Did you check the diaphragm on the valve cover and see if it's sucking in air? Otherwise the cover should be fine. I would check the intake and see the check valve is still there. I wouldn't start replacing stuff I know what I need to replace.

Just to be clear, there's a small port at the circular part of the cover. It should be pointing towards the front of the car. If the diaphragm is torn, then there's a leak. I believe the underlying cause is the missing/worn check valve inside the intake manifold though.

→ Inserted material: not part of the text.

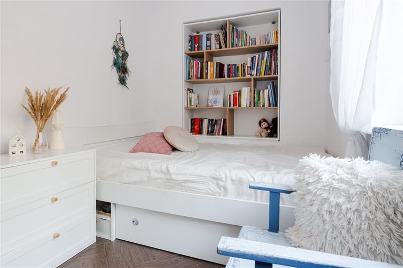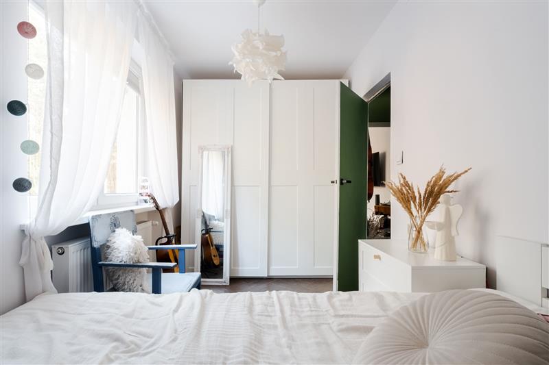 - Sypialnia z pełnym umeblowaniem (szafa, łóżko 160 cm, wnęka na biblioteczkę).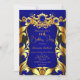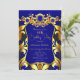 Elegant Birthday Party Blue Gold Black Damask Gems Invitation

Edit: please ignore. Thought you had a gen 1 w/ 1.4t engine.


----------



## hmyland (Oct 8, 2017)

2016.5 cruze does not have the round diaphram check valve leak issue (different engine) my p1101 was fixed by dealer under bulletin #20-na-047 .orfice tube under cam cover blocked. aparently nesting material in the bottom of the air filter housing can be sucked into pvc system and clog orfice raising pressure in crankcase. mine ran fine but i lost 10mpg. can also cause oil leaks.


----------



## Babymav24 (Feb 4, 2021)

Turns out my throttle body was dirty and it needed to go through the relearning process.


----------



## Babymav24 (Feb 4, 2021)

2010ngojo said:


> Did you check the diaphragm on the valve cover and see if it's sucking in air? Otherwise the cover should be fine. I would check the intake and see the check valve is still there. I wouldn't start replacing stuff I know what I need to replace.
> 
> Just to be clear, there's a small port at the circular part of the cover. It should be pointing towards the front of the car. If the diaphragm is torn, then there's a leak. I believe the underlying cause is the missing/worn check valve inside the intake manifold though.
> 
> Edit: please ignore. Thought you had a gen 1 w/ 1.4t engine.


Nah you’re good I appreciate you spending the time to reply


----------